◆ STORED DATA ◆
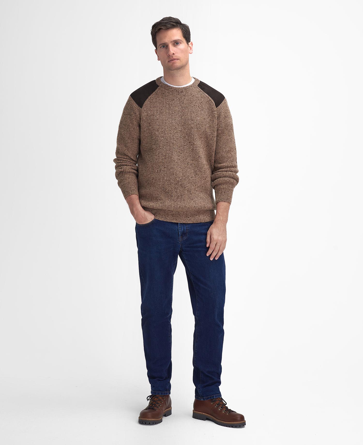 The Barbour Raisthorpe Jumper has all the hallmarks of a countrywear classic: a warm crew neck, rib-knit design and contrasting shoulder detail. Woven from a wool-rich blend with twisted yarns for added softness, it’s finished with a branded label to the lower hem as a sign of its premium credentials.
==
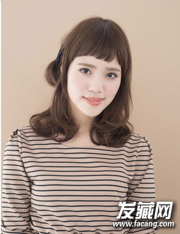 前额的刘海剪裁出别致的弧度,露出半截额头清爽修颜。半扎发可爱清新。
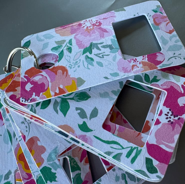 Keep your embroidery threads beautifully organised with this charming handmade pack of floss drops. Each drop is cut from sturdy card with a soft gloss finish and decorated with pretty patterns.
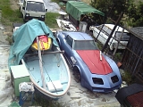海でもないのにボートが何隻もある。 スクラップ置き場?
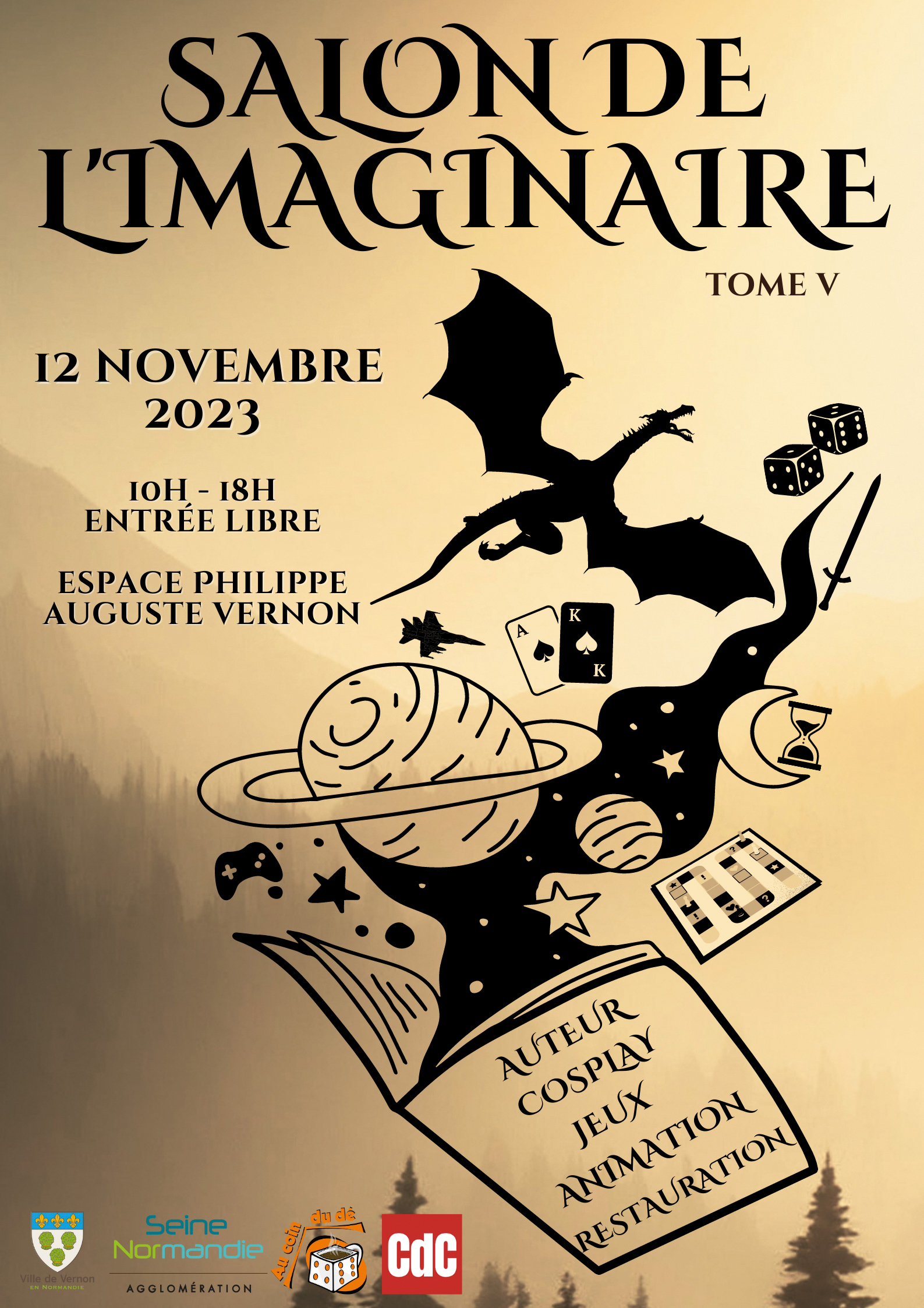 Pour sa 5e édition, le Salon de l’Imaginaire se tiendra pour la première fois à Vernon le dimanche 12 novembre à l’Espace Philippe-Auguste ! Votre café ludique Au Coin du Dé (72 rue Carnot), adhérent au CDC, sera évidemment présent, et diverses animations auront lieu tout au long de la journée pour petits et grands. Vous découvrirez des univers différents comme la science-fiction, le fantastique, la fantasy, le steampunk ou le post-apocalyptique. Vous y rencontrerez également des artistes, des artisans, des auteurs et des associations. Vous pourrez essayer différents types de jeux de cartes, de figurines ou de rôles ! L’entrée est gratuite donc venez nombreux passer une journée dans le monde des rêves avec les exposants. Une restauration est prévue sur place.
* * *
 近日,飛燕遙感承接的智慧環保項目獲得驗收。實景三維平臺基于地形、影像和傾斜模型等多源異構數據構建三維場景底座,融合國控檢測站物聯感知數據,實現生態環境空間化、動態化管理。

◆ ASSIGNMENT ◆
Everything from the line with "海でもないのにボートが何隻もある。 スクラップ置き場?" through the line with "Pour sa 5e édition, le" in the material above should be transcribed exactly, except the pictures.

◆ RESULT BELOW ◆
海でもないのにボートが何隻もある。 スクラップ置き場?
 Pour sa 5e édition, le Salon de l’Imaginaire se tiendra pour la première fois à Vernon le dimanche 12 novembre à l’Espace Philippe-Auguste ! Votre café ludique Au Coin du Dé (72 rue Carnot), adhérent au CDC, sera évidemment présent, et diverses animations auront lieu tout au long de la journée pour petits et grands. Vous découvrirez des univers différents comme la science-fiction, le fantastique, la fantasy, le steampunk ou le post-apocalyptique. Vous y rencontrerez également des artistes, des artisans, des auteurs et des associations. Vous pourrez essayer différents types de jeux de cartes, de figurines ou de rôles ! L’entrée est gratuite donc venez nombreux passer une journée dans le monde des rêves avec les exposants. Une restauration est prévue sur place.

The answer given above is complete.